Unless am I mistaken ?

The two examples can be reproduced in the playground too.

Expected behavior The comment node should be inside the body node, as are the attribute, and not right before.

Screenshots n/a

Additional context n/a

Thank you very much,

MichaHoffmann commented 1 year ago

Hey @jeromepin

thanks for the report, its valid - i can reproduces it given your examples too.

I think the problem is that comments may appear anywhere in the language and the parser ignores them in rules. It might be tricky to try to control where comments end up being. I think the issue here is that we define blocks as

      block: $ => seq(
        $.identifier,
        repeat(choice($.string_lit, $.identifier)),
        $.block_start,
        optional($.body),
        $.block_end,
      ),

so body might be missing.

Is this causing issues for you? It might be problematic when writing some pattern that matches comments inside bodies. nvim-treesitter matches them jsut as (comment) @comment.

MichaHoffmann commented 1 year ago

I'm not sure that this can be fixed as long as we use put comment into extras.

jeromepin commented 1 year ago

Thank you for your fast answer @MichaHoffmann ! :)

My current use-case is about using comments for configuring a linter. I expect such comment to be effective on the next sibling. If I write the following block, I expect the linter to ignore its my-rule rule for the whole resource.

# ignore-rule:my-rule
resource "foo" "bar" {
  baz = "qux"
  aaa = "www"
}

while I expect it to ignore the rule only for the baz = "qux" line in this case :

resource "foo" "bar" {
  # ignore-rule:my-rule
  baz = "qux"
  aaa = "www"
}

With the issue at hand here, it would ignore the rule for the whole body node, which is counter-intuitive.

Anyway, if you think there is no fix for this, I'll try to find a solution on my end with some kind of hack 🤷‍♂️

MichaHoffmann commented 1 year ago

I mean there could be a fix, i just cannot easily see it right now. I mean one could define a grammar that just takes this grammar, wraps all rules in a sequence(optional($.directive), $.original_rule) to make directives part of the language or something like that.

jeromepin commented 1 year ago

Honestly I don't have any idea of what you are talking about, I know next to nothing about grammars and parsing. If you can do it (and are willing to) then I'll be happy. Otherwise I think I will put this aside and dive into it one day(tm) when I'll have the time (so probably never tbh)

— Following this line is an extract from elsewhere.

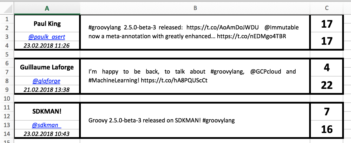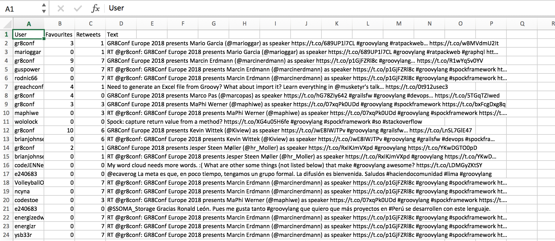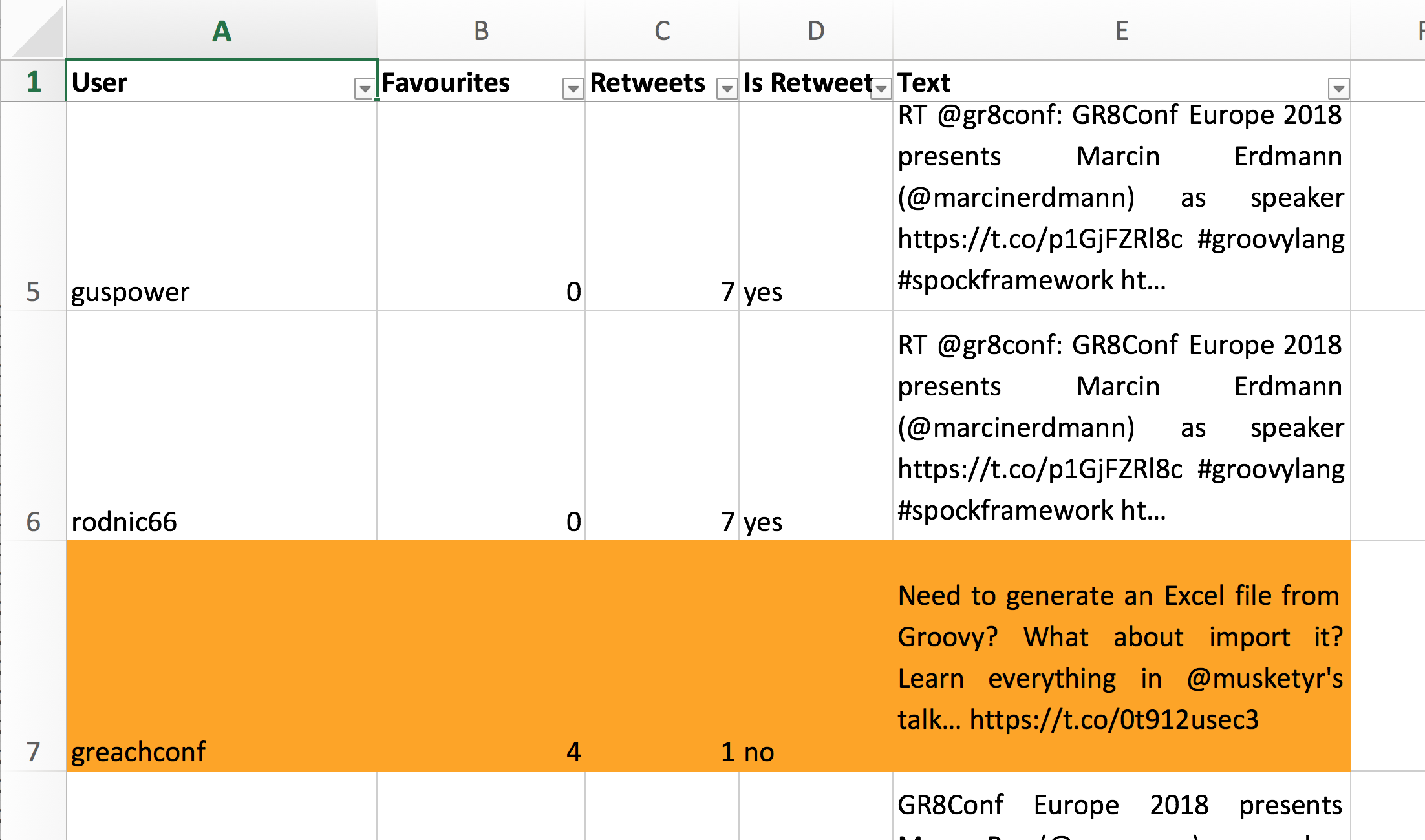 ['User', 'Favourites', 'Retweets','Text'].eachWithIndex { header, i ->

MichaHoffmann commented 1 year ago

I'm playing with it right now to get a feeling, ill come back to you in a bit.

MichaHoffmann commented 1 year ago

The awesome tree-sitter community stepped in and helped out :tada:

MichaHoffmann commented 1 year ago

I thought about it; if we remove the "body" node we dont have that problem. It is a bit useless anyhow. That is a breaking change though so probably i would maybe create a "v2" directory; not yet sure.

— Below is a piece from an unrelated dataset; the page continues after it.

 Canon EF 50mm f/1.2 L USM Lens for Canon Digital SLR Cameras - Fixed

jeromepin commented 1 year ago

Honestly I don't know. I don't know enough about the HCL grammars and its specificities to have an opinion. I feel like even if the body is empty, it is still an empty body (and not a non-existing body) 🤷 But it's your project, you do what you feel is best 🙂

jeromepin commented 1 year ago

Hey @MichaHoffmann 👋 I'm wondering if you made a decision regarding this issue and the fix you thought about ? To know what I'm gonna do on my end 🙂

MichaHoffmann commented 1 year ago

Hey, i had only very little time to work on this. Sorry, no progress yet! Is this causing you active trouble?

jeromepin commented 1 year ago

No no it's ok take your time :) I'm already glad you are providing this project, I don't want to put any pressure on you. I was simply curious :)

MichaHoffmann commented 1 year ago

Hey, i had a random idea; we could create a dialect where #ignore-rule:... is a construct of the language. That way we could control where that kind of directive is produced; its a bit like semgrep does it; see i.e. https://github.com/returntocorp/ocaml-tree-sitter-semgrep/blob/main/lang/semgrep-grammars/src/semgrep-promql/grammar.js where the base grammar is extended with special tokens; that would also give more convenience when consuming the parser. wdyt?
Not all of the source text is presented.